Personal information
- Date of birth: September 26, 1999 (age 26)
- Place of birth: Cartersville, Georgia, U.S.
- Height: 1.85 m (6 ft 1 in)
- Position: Goalkeeper

Youth career
- 2015: Concorde Fire
- 2016–2018: Atlanta United

College career
- Years: Team / Apps / (Gls)
- 2018–2019: Maryland Terrapins / 5 / (0)
- 2020–2022: Syracuse Orange / 43 / (0)

Senior career*
- Years: Team / Apps / (Gls)
- 2018: Atlanta United 2 / 0 / (0)
- 2021: Georgia Revolution / 2 / (0)
- 2022: Reading United / 8 / (0)
- 2023: Crown Legacy FC / 3 / (0)
- 2024: Northern Colorado Hailstorm / 1 / (0)
- 2025: Union Omaha / 1 / (0)

= Russell Shealy =

American footballer (born 1999)

Russell Shealy (born September 26, 1999) is an American professional soccer player.

==Playing career==
Russell Shealy was born to Dr. Jim Shealy and Maureen Shealy in Cartersville, Georgia and attended Darlington School in Rome, Georgia.

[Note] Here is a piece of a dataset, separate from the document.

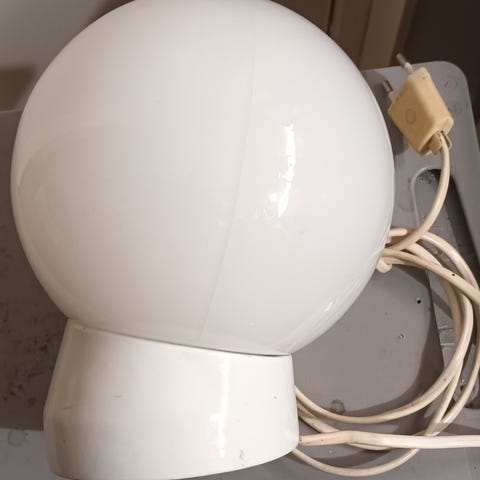Siisti ulko/vintin/kellarin maitolasinen pallolamppu posliinijalalla.kuvun halk.135mm.

During high school, he played for the Concorde Fire soccer club, Atlanta United Academy (Atlanta United 2), and US Youth Soccer.

After high school, Shealy was rated by Top Drawer Soccer as the No. 102 recruit in the country and he was recruited by Wofford College and the University of Maryland. In his junior year of high school, he committed to Wofford but soon decided to join Maryland squad instead.

===College===
During his freshman year in 2018, Shealy redshirted at Maryland, serving as the main backup behind Dayne St. Clair on Maryland's National Championship team. When St. Clair left early for MLS, Shealy was named the first-choice keeper at the start of the 2019 season, but lost the spot to German Niklas Neumann.

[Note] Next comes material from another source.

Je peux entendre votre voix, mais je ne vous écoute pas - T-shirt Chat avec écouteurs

In 2020, Shealy transferred to Syracuse and made his first start for SU men's soccer after waiting for only three games. Michael Flynn was his position coach at Syracuse. He was a Communication and Rhetorical Studies major at Syracuse.

In 2022, he set program records for goalkeeper minutes in a season (2,220) and goalkeeper wins in a season (18–2–4). Shealy started 24 of the 25 matches on the way to the 2022 NCAA National Championship title and tallied 16 shutouts in 43 games, including posting 10 shutouts, career-highs in saves (72), goals against average (0.73), save percentage (0.800), and clean sheets (10).

At the end of the 2022 season, the team won the national championship and Shealy was named 2022 Men's College Cup's Defensive Most Outstanding Player.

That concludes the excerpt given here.